Among the fascinating characters hovering around The Beatles in Peter Jackson’s documentary Get Back is Michael Lindsay-Hogg, the director charged with making a film out of the band’s rehearsals for 1970 album Let It Be.
As circumstances constantly change, Lindsay-Hogg negotiates with members of the group to decide an ending for their film - his proposal: a concert in an ancient amphitheatre near Tripoli, north Africa. Lindsay-Hogg’s resulting film Let It Be - released just after the band’s breakup - has been the subject of disparaging comments from the Fab Four and was never given an official video or DVD release.
Sir Michael, who is now aged 81, told Kim Hill that he whittled down 56 hours of footage to 90 minutes over a nine-month period after it was shot in January 1969.
During this time The Beatles made another album and were still "intact' as a group, however, around October and November, Apple (The Beatles' recording company) began to implode, ostensibly over financial issues.

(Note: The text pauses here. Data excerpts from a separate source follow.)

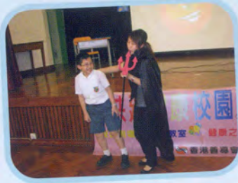
共建健康校園講座

本校在開學至今，已舉辦多個不同類型的講座，能讓同學在一個輕鬆愉快的環境下學習，從而培養同學正面價值觀及人生觀。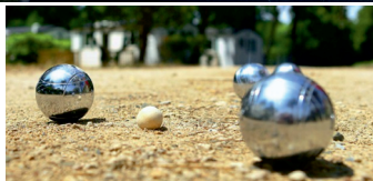
Materiały - Petanque Kaliska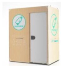
▲屋外用ベビーケアアルーム mamaro イメージ

While the rancour seemed to be about money, other issues were bubbling underneath and none of The Beatles attended the premiere of Let It Be in London at the end of the year and in April 1970 they announced their breakup just weeks before the movie debuted in the US.
"So people regard it as the breakup movie. That this tragedy that they were only imagining in their dreams - the breakup of The Beatles - had actually occurred and we were seeing it now in Let It Be.
"But it wasn't true - that was a misapprehension but because it wasn't helped by The Beatles because they weren't sanctioning it, because they'd broken up and they were very upset and sad about that whole thing, it [the movie] got a kind of bad rap."
Lindsay-Hogg said Sir Peter Jackson sees the issue quite clearly and how it came to be viewed as a "bad Beatles movie" when that was a long way from the truth.
Although Ringo Starr has criticised Let It Be for being depressing, Sir Michael said he was dealing with young men full of testosterone and ambition while Sir Peter Jackson was working with the group's two surviving members (Paul McCartney and Starr) who are now 79 and 81 respectively.
He said back in 1969 when they were all discussing the Let It Be project one of his suggestions was to film a concert (The Beatles had stopped performing and touring three years earlier) in an amphitheatre in Libya because it was "what had been at the centre of the world".
Three members were supportive with John Lennon suggesting they all sail there - but George Harrison was not keen.
Since their teenage years he had been frustrated and resentful that Lennon and McCartney never took him seriously as a songwriter. With tensions simmering Lindsay-Hogg got audio of Harrison's intention to quit by inserting a bug into a flowerpot on a table when they were all having lunch.
"He was vaguely pissed off anyway and it led to him a couple of days later to leave the group."
Fifty years on Sir Peter Jackson has been able to separate the tracks which also included someone doodling on a guitar to make a realistic portrayal of Harrison's exit for his movie.
Harrison left for a week or so and then the other members persuaded him to return - at least temporarily.
His condition was that there be no concert or television extravaganza but instead some footage would be filmed in the Apple studio.
"What had started out as basically shooting a little documentary material of The Beatles rehearsing which no-one had ever seen before as a sort of padding for ... a great television special taking place at the centre of the world ...with torches flaming... turns into overnight pretty much to a documentary."
Sir Michael said he did not want the documentary to feature only rehearsals and it needed a conclusion so he came up with the idea of a concert on the roof.
The studio roof had to be strengthened because it wasn't strong enough to hold all the musical instruments, the group, and half a dozen cameramen and their gear.
The next day Ringo was unenthused because it was cold, George was opposed but Paul was keen, and then John spoke up saying "F... it, let's do it" and that was enough to get the idea over the line. It turned out to be their last ever concert together.
While Sir Michael did not expect The Beatles to split immediately after the concert, he could see that they no longer had the same unity.
Yoko Ono as a catalyst?
Asked if Lennon's partner Yoko Ono's constant presence helped cause their split, he likens her to "a bruise" for the other three, because of the "intrusive feeling" she sparked in them.
Many of the musicians of the time were the children of people who emerged from World War II.
Where they came from in the north of England, a woman's place was confined to looking after children, making meals and "suffering in silence".
"The wife didn't come to work - it's as simple as that."
The other Beatles realised John and Yoko were inseparable and "they were stuck because it wasn't going to change".
McCartney's mother died when he was just 12, while Lennon lost his mother when he was 16, and Yoko who was seven years older filled the role of both partner and organiser of his life, Sir Michael believes.
"I think it affected John ... so Yoko became - as well as his companion - she became sort of like his mother too because she would protect him."
Sir Michael agreed that Lennon was on heroin at the time, often supplied by Keith Richards' drug pusher, Spanish Tony.
Throughout his life McCartney has always been very solid and self-sufficient whereas Lennon was "a more fragile being".
"He [Lennon] was damaged in a way that Paul wasn't... when Yoko turned up he needed her."